• What you should do: Look for the line with "Размер 340х480мм, 6"; please transcribe it and every later line in the entries exactly, up to the end, leaving pictures out.

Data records
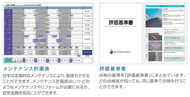 住宅メンテナンスに関しての説明を行います。 規定のメンテナンス計画表・評価基準書を用いてアドバイスいたします。
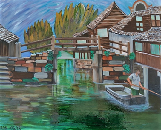 שמעון אלדר מציג שתי עבודות. בשתי העבודות הוא עוסק במים, אם אלה המתרחצות, או אם זה מקום שהוא מים 'ונציה בסין'. המים עצמם כבר מייצרים שרשרת של אסוציאציות בהקשרים שונים של השתקפות.
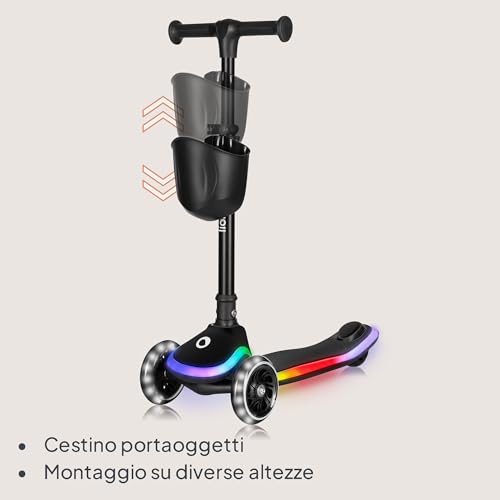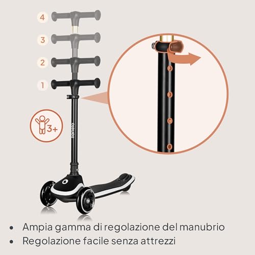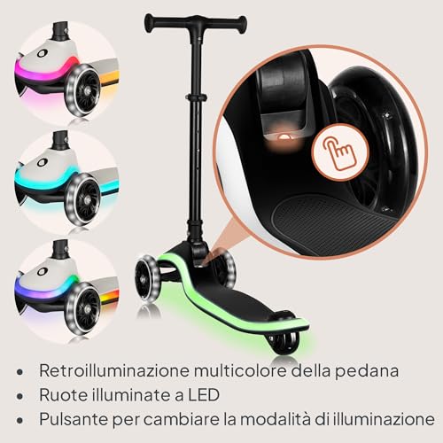 Una delle caratteristiche più amate dai bambini è senza dubbio l'illuminazione a LED. Il LIONELO MEY non delude le aspettative: sia le ruote che la pedana sono dotate di luci LED che si attivano con il movimento. Questo non solo rende il monopattino esteticamente molto accattivante, soprattutto durante le passeggiate serali, ma aumenta anche la visibilità del bambino, contribuendo a un ulteriore livello di sicurezza. L'effetto luminoso generato durante la corsa è davvero sorprendente e trasforma ogni uscita in un'avventura piena di colori.
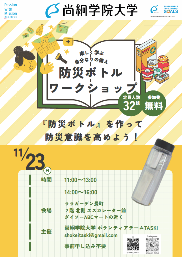 尚絅学院大学ボランティアチーム「TASKI」主催の防災イベントを初開催!
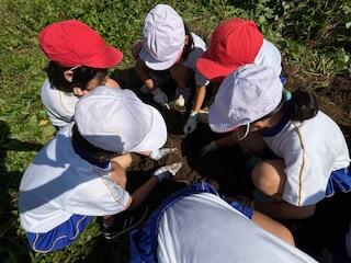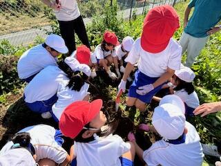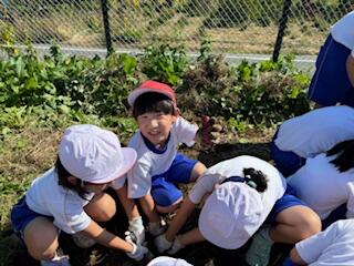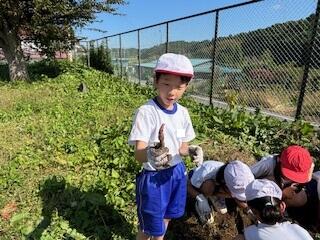 1学期に植えたさつまいもが大きく育ち、今日はみんなでさつまいも掘りです。
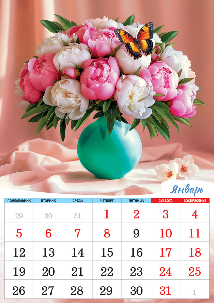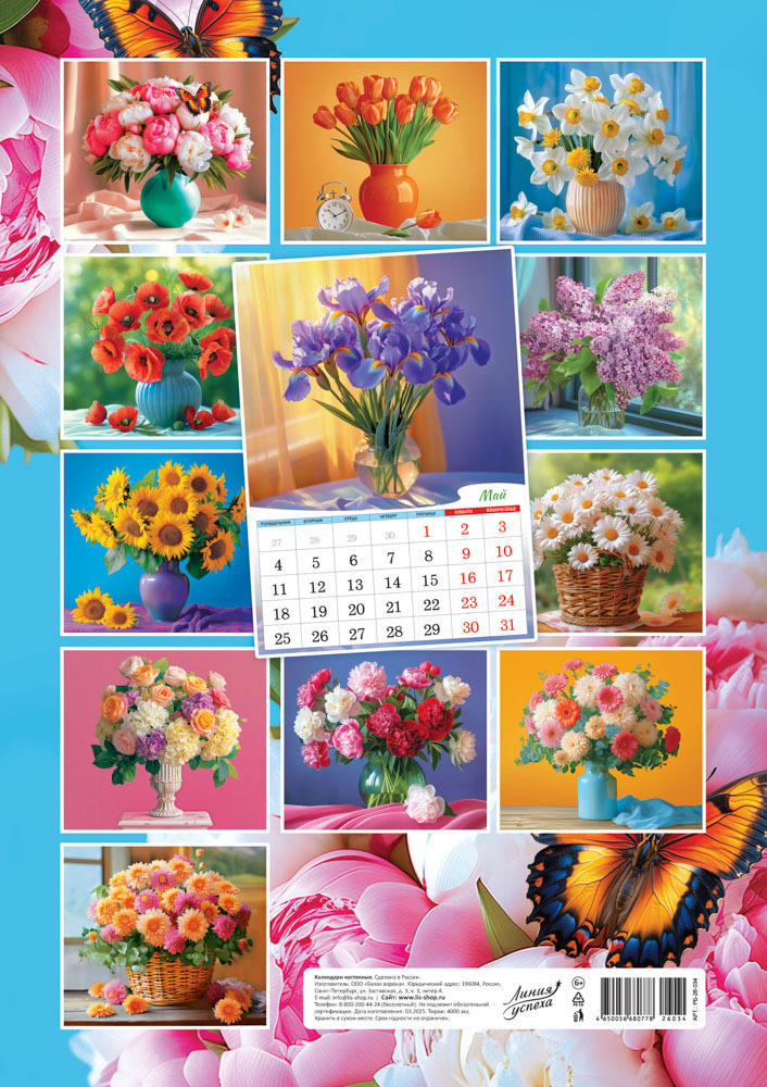 Размер 340х480мм, 6 листов. Обложка: УФ-лак, картон 225гр/м2. Внутренний блок: мелованная бумага 100 гр/м2
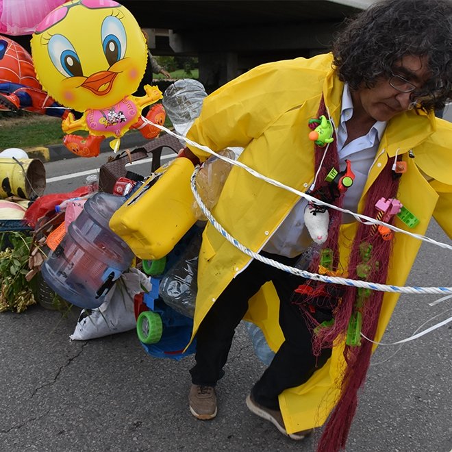 Kavukcu, performans öncesinde gazetecilere, atıklar üzerine tepki ve uyarı niteliğinde bir çalışma sergileyeceğini söyledi. Performanslarını şiddet, terör ve toplumsal olaylar üzerine yaptığını vurgulayan Kavukcu, "Yaklaşık 10 yıldır farklı performanslar sergiliyorum. Burada, özellikle düşünmeden biraz da bencilce kullandığımız, attığımız ve gittikçe çöp dağlarını oluşturduğumuz bir dünyada sanatçı olarak bir uyarı mahiyetinde görev bildiğim için kendi bildiğim dil olan sanatı kullandım." dedi.
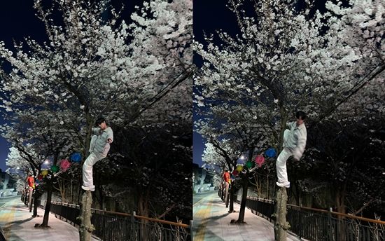 사진에는 단순히 벚꽃 구경에 나선 것이 아닌 포즈까지 취하면서 벚나무 위에 올라간 최성준의 모습이 담겼다.

• Expected answer:
 Размер 340х480мм, 6 листов. Обложка: УФ-лак, картон 225гр/м2. Внутренний блок: мелованная бумага 100 гр/м2
 Kavukcu, performans öncesinde gazetecilere, atıklar üzerine tepki ve uyarı niteliğinde bir çalışma sergileyeceğini söyledi. Performanslarını şiddet, terör ve toplumsal olaylar üzerine yaptığını vurgulayan Kavukcu, "Yaklaşık 10 yıldır farklı performanslar sergiliyorum. Burada, özellikle düşünmeden biraz da bencilce kullandığımız, attığımız ve gittikçe çöp dağlarını oluşturduğumuz bir dünyada sanatçı olarak bir uyarı mahiyetinde görev bildiğim için kendi bildiğim dil olan sanatı kullandım." dedi.
 사진에는 단순히 벚꽃 구경에 나선 것이 아닌 포즈까지 취하면서 벚나무 위에 올라간 최성준의 모습이 담겼다.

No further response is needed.